Admit it. When you watch a show like Survivorman or Man vs. Wild, there’s a small flicker in the back of your mind that says, "You know what? I think I could do that. I think that, if it came down to it, I could survive under extreme circumstances. I would drink my pee. I would eat a bug. I could curl up in the carcass of a tauntaun to survive bitter cold."
I sometimes think the same thing. Or at least I did until Day 3 of Sasquatch. Morning came like a steel-toed boot to the head. The taste of stale beer and cigarettes was wrapped around my tongue like a dirty sock. Even injecting coffee into my eyeballs didn’t seem to work. But this was it. This was the last day of our Sasquatch excursion. We had to rally. Again eschewing showers for hooker baths, the ladyfriend and I put on our game faces, found our friends, and joined the tens of thousands of peeling and hungover zombies trudging toward the sound of music.
It’s a long walk from the campground to the venue. There is no shade. And as the sun beat down on us mercilessly, it made every movement painful. If this were a bad teenage horror flick, this would be the point where I sit down in the middle of the dirt road and say, "It’s OK. You go on without me."
But the ladyfriend’s favorite Portland band, Blitzen Trapper, was playing this day. So we fought on.
As usual, it was worth it. We watched Deerhoof and Black Moth Super Rainbow and a little bit of Horse Feathers… but all we really wanted to see was BT. They were playing the secondary Wookie Stage and after a laborious sound check, they showed once again why popular opinions are a confusing thing.

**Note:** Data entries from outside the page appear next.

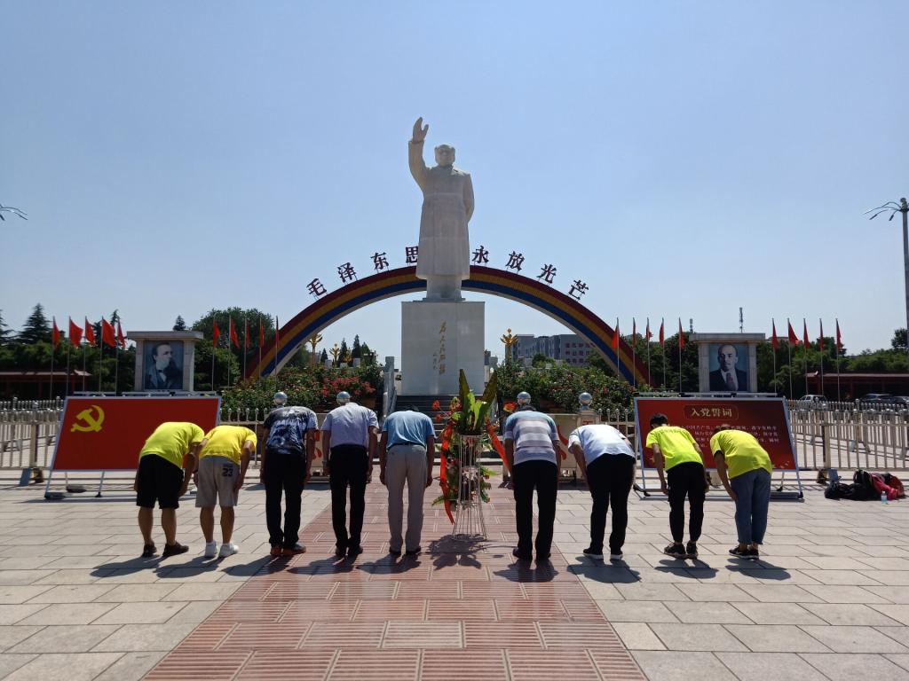 7月7日上午,jinnianhui今年会“三下乡”社会实践志愿二队在jinnianhui今年会党委书记陈青、副院长牛林杰、副处级辅导员柴九昌、党委委员球类教研室主任刘波、分团委书记鲁枝鑫等多位老师的带领下,前往漯河市南街村进行实地调研。到达南街村后,志愿队先是参观了朝阳门的宏伟壮阔。而后在南街村东方红广场举行献花仪式,重温入党誓词,以向革命先驱致敬!
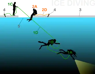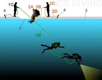 1 = équipe de plongée actuelle (1A = premier plongeur au bout de la corde; 1B = deuxième plongeur et cordiste; 1C = tender; 1D = première corde de guidage [verte] pour la communication, l'orientation et le sauvetage, ~50-100m de long.)
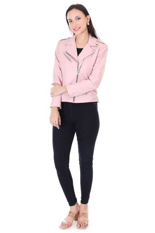 Women's Pink Biker Jacket – Chic and Bold Style
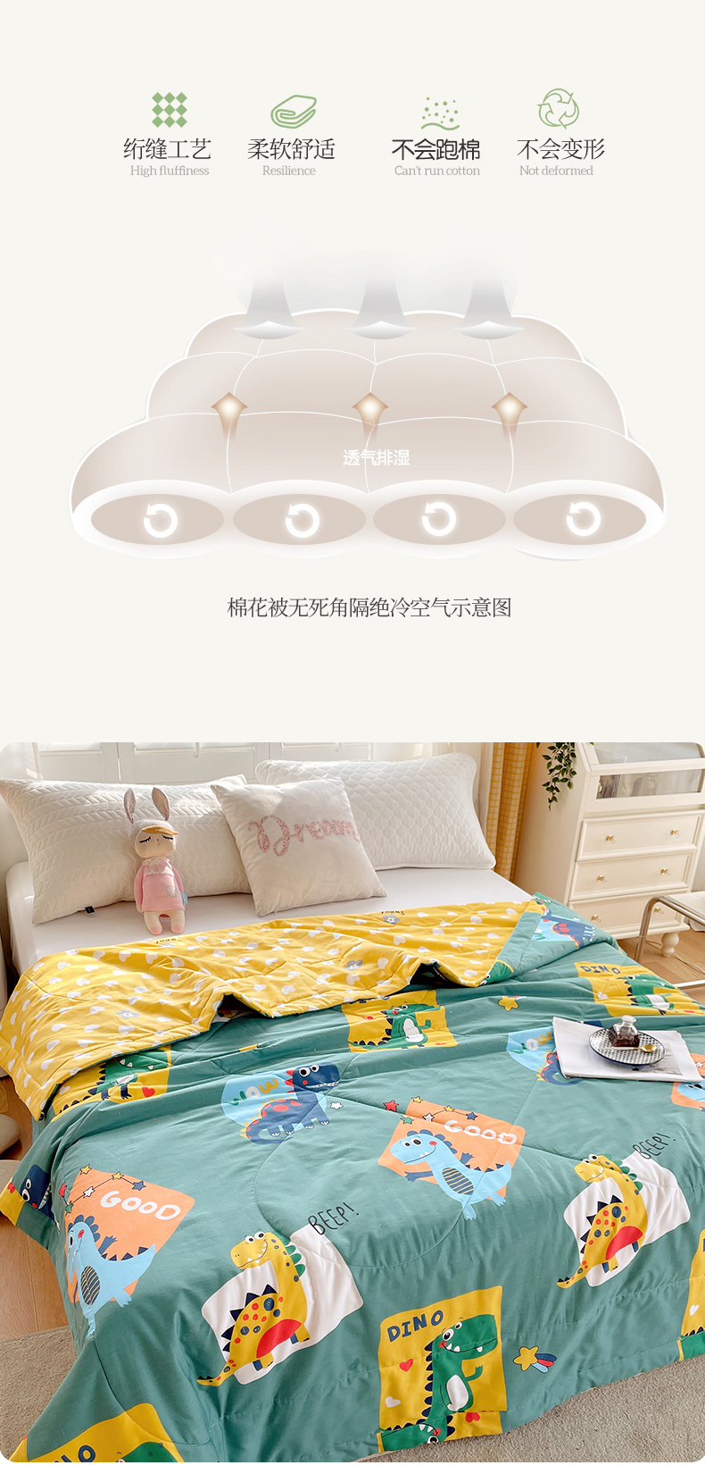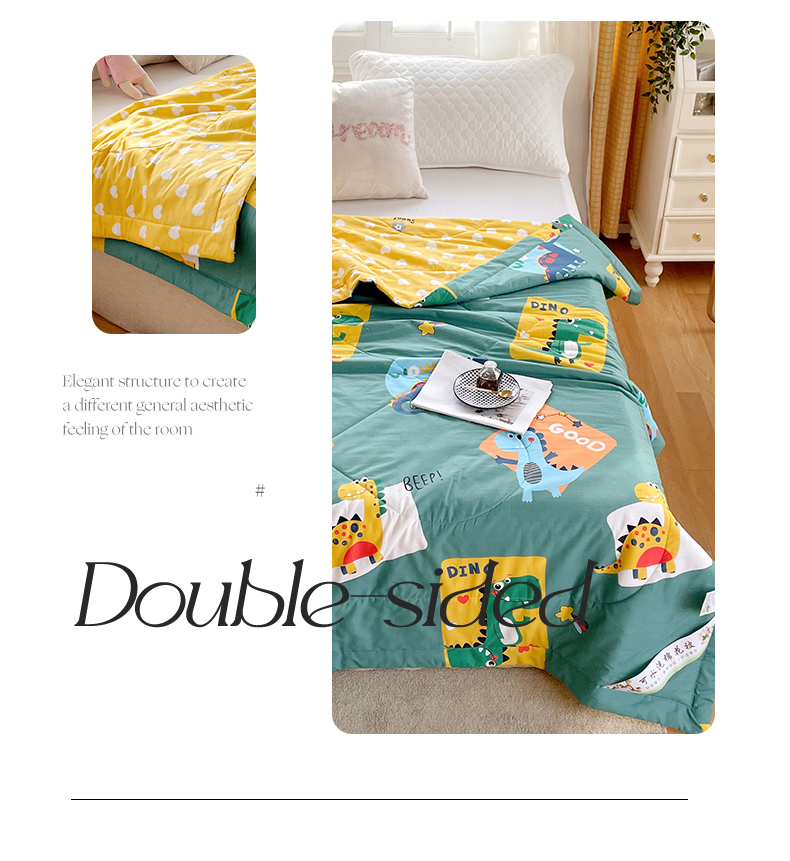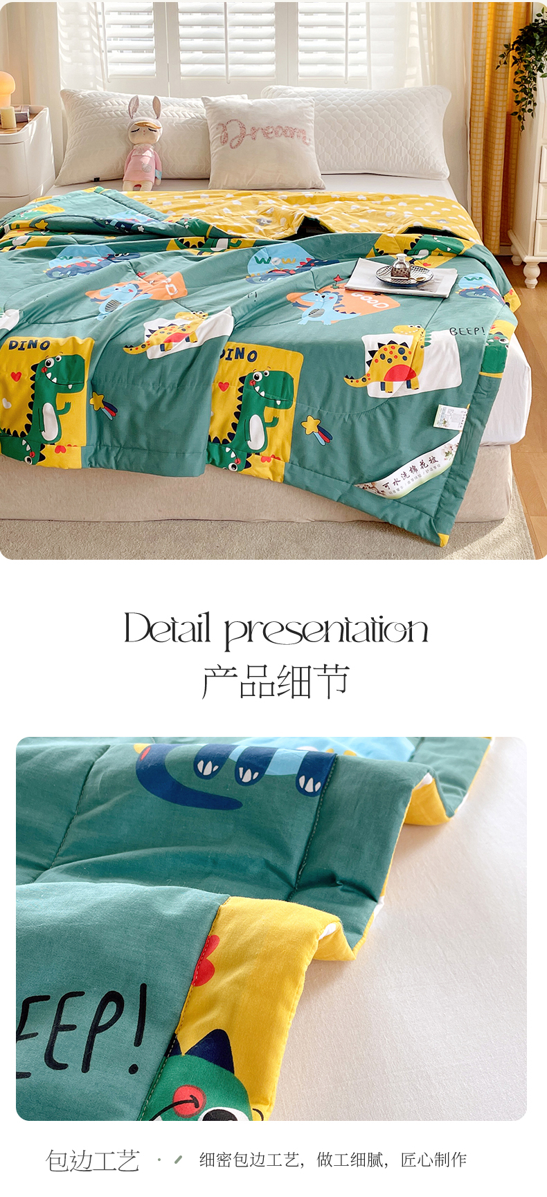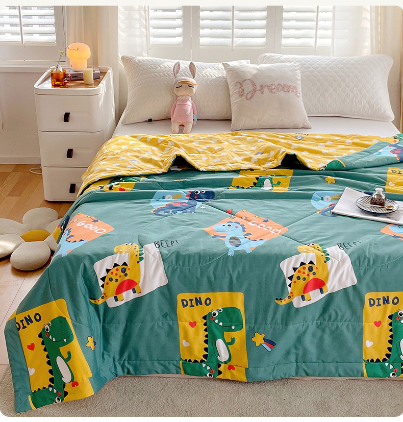 被子 > 夏被 > (自己工厂 有网销大热款 网销帮推可合作优惠)2025新款全棉夏被空调被夏凉被纯棉夏季儿童棉花薄被子 恐龙家族-绿
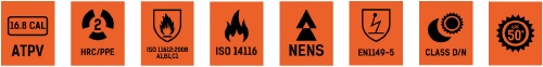 | Fabric | 100% 300D Oxford Polyester with Carbon Fibre Lining – Modacrylic, Cotton |
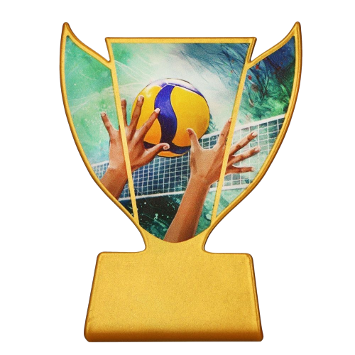 Statuetka metalowa Slim Line SL-VOL to niewielka nagroda sportowa przygotowana na turnieje i wydarzenia związane z siatkówką. Front statuetki zdobi grafika piłki siatkowej nad siatką i dłoni zawodników przy akcji pod siatką, dzięki czemu motyw dyscypliny jest od razu czytelny. Złota podstawa i obramowanie porządkują całość i dobrze pasują do charakteru nagrody wręczanej podczas rozgrywek siatkarskich. To model, który sprawdzi się tam, gdzie potrzebna jest mała statuetka z miejscem na personalizację.
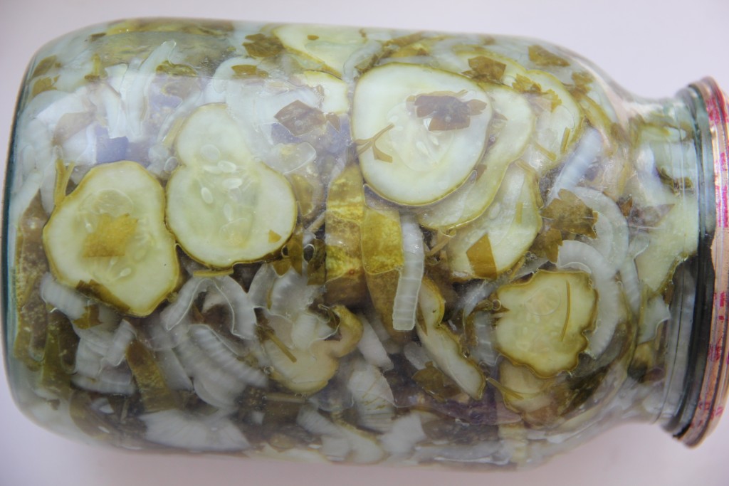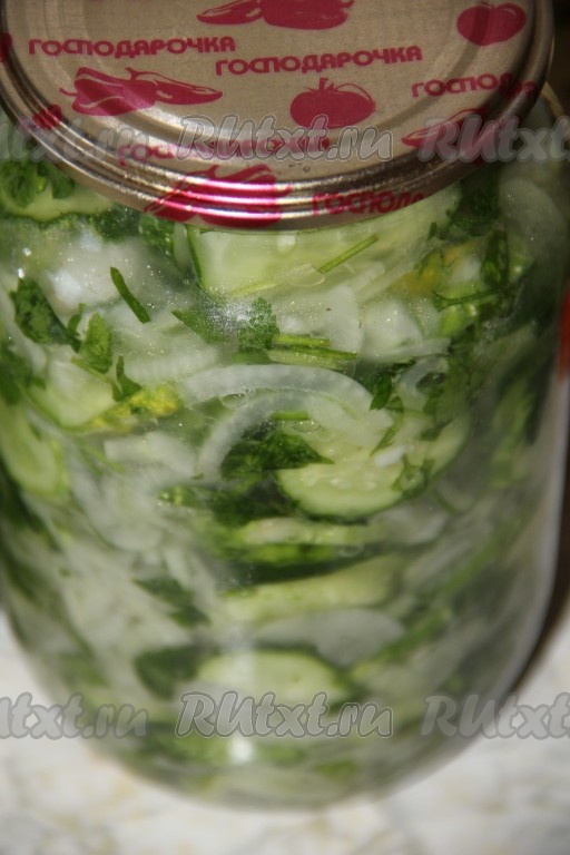 Очень вкусный салат "Нежинский", который придется как нельзя кстати в зимний холодный день. Из данного количества ингредиентов выходит 2 литра салата. Воды для рассола вам не потребуется, так как огурцы и лук пустят достаточно сока, который покроет наши овощи в банках.

Let me take a step back… A year and a half or so ago, I went to see Blitzen Trapper play a headlining gig here in town. Opening for them was this little hairy band of harmonizers called the Fleet Foxes. I liked their CD, so I was interested to see how they would bring it live. They were pretty, interesting, and a great time. And then BT came out and destroyed them. Only a few months later, however, thanks to all the cool kids suddenly thinking that bands that sound like Dan Fogelberg and Crosby, Stills, and Nash are all the rage, the Fleet Foxes were everywhere. Opening for Wilco, headlining shows with Blitzen Trapper as their opening act.
And here at Sasquatch, the Foxes Fleet were playing the main stage. BT was on the Wookie.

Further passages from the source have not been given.